In the 2011 Hall of Fame voting, Mark McGwire received 19.8% of the vote, far short of the 75% required to gain admission to the Hall.  His 583 career home runs are the most of any player that is eligible for the Hall (retired 5 years), that has not been enshrined.  For many years that honor belonged to Dave Kingman and his 442 home runs.  In McGwire’s first year of eligibility he received 23% of the vote.  For right now, the trend shows that Mark McGwire will never be elected into the Hall of Fame.

Neither will Rafael Palmeiro.  Palmeiro is one of four players to have 500 career home runs and 3,000 hits.  The other three are Hank Aaron, Willie Mays and Eddie Murray.  In his first year of eligibility, Palmeiro received 11% of the vote.  No one has ever made the Hall after receiving 11% of the votes.  Palmeiro and McGwire are exhibits A and B for the steroid era sluggers making the Hall of Fame.  Both of them are confirmed users.  Both have incredible, HoF-worthy numbers.  Neither will be enshrined in the near future.

Why do I bring this up? Because this week Tony LaRussa retired.  He retired after an emotional run to his third World Series championship.  He retired after what was a mixed-bag of managing. In the Series he made some world-class gaffes as well as incredibly shrewd moves.  There is little doubt that LaRussa is a Hall of Fame manager.  He has won three World Series titles, including wins out of both leagues.  He has won division titles with three teams.  He has won the manager of the year twice (and will likely win it again this year).  He is third on the all-time list in managerial wins behind only legends Connie Mack and John McGraw (and is second all-time in losses).

Shortly after he retired the accolades, congratulations, and well-wishes came pouring in.  It seemed like every news source and commentator was fawning over his incredible achievements and his already paved route to Cooperstown.  I just want to say, “Hold on a second.”

While McGwire and Palmeiro sit outside Hall, we’re going to let LaRussa stroll right in?  No, he never used performance enhancing drugs, but he certainly benefited from them.  It has been argued that LaRussa is the most complicit manager of the steroid era.  Tony LaRussa managed Mark McGwire in two different stops – his two most successful, I might add.  McGwire has finally admitted to using steroids, first in Oakland in 1989, and again in his famed run toward 73 home runs with the Cardinals in 1998.  His manager both times?

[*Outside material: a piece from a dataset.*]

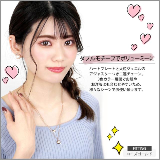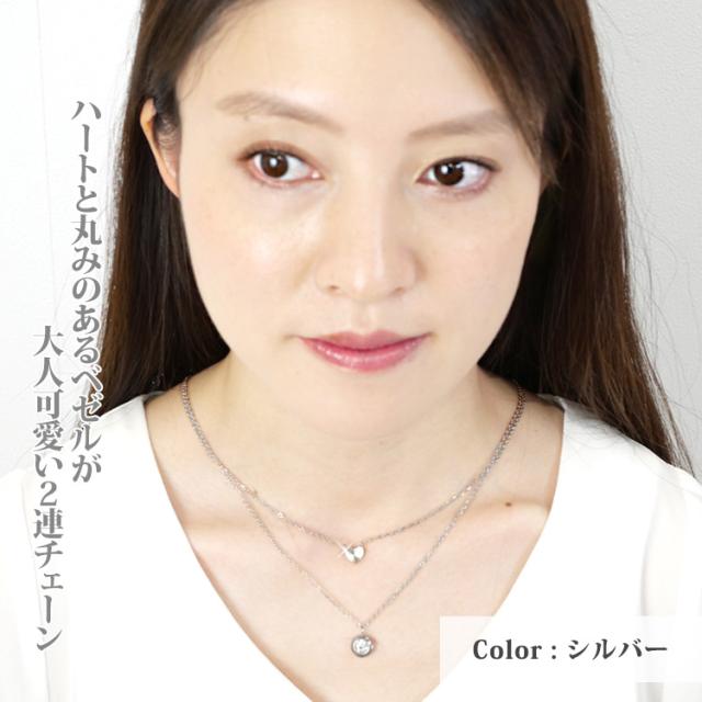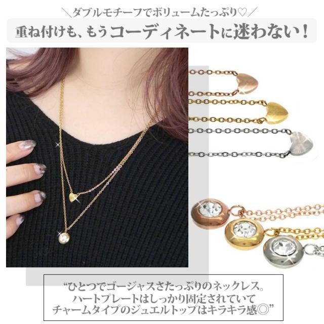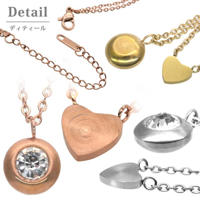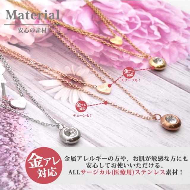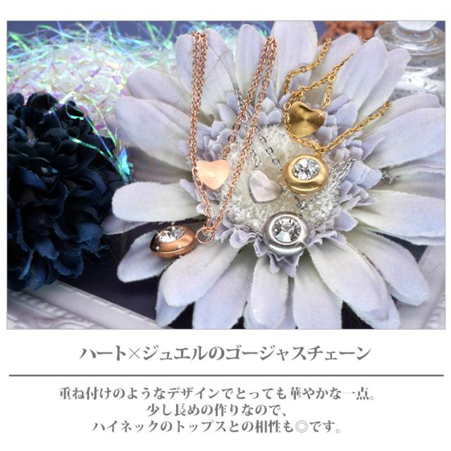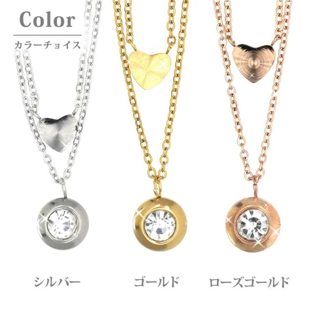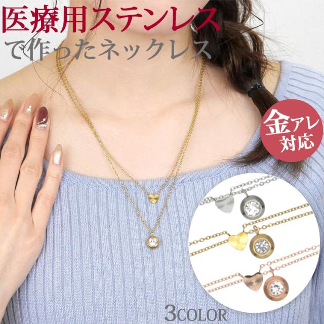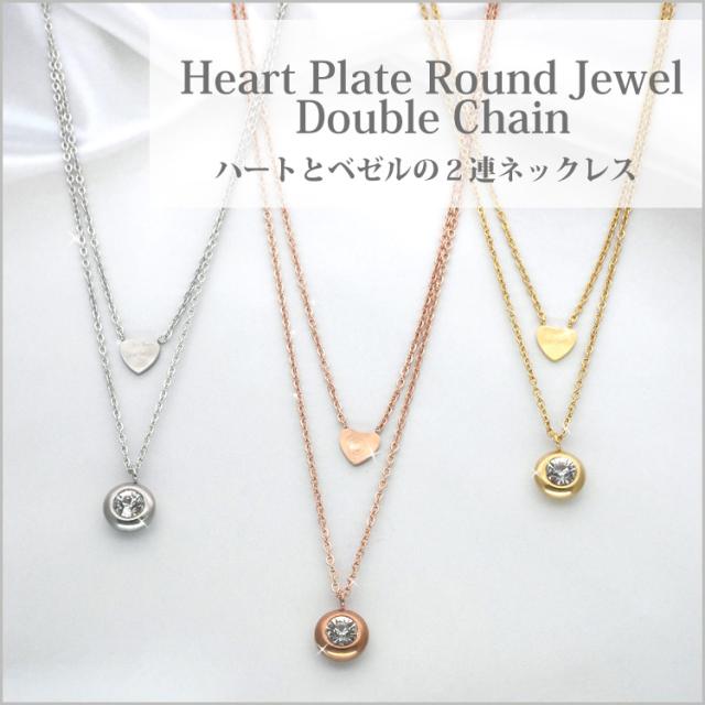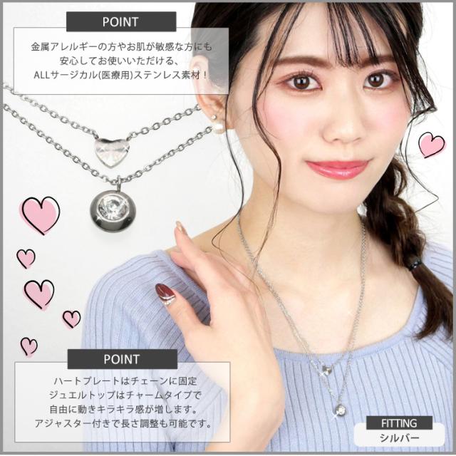 金属アレルギー対応 ステンレスペンダント ハートプレートアンドラウンドジュエルダブルチェーンネックレス ステンレスネックレス 安心 316L ニッケルフリー

Tony LaRussa.  He claims that LaRussa, who has time and again defended McGwire, didn’t know anything about it.

This book was "bashed" at first, but most Canseco's assertions have been vindicated.

At best, it seems hard to believe that LaRussa knew nothing – twice.  At worst, he was a complicit participant in the greatest systematic cheating scandal in the history of the game.  Some go so far as to say that he was actively covering up the steroid use of his players while at the same time berating any reporters with the gall to ask questions.  And according to Jose Canseco, the guy who has been proven right over and over again despite being ridiculed and insulted when he first made his accusations, LaRussa knew everything.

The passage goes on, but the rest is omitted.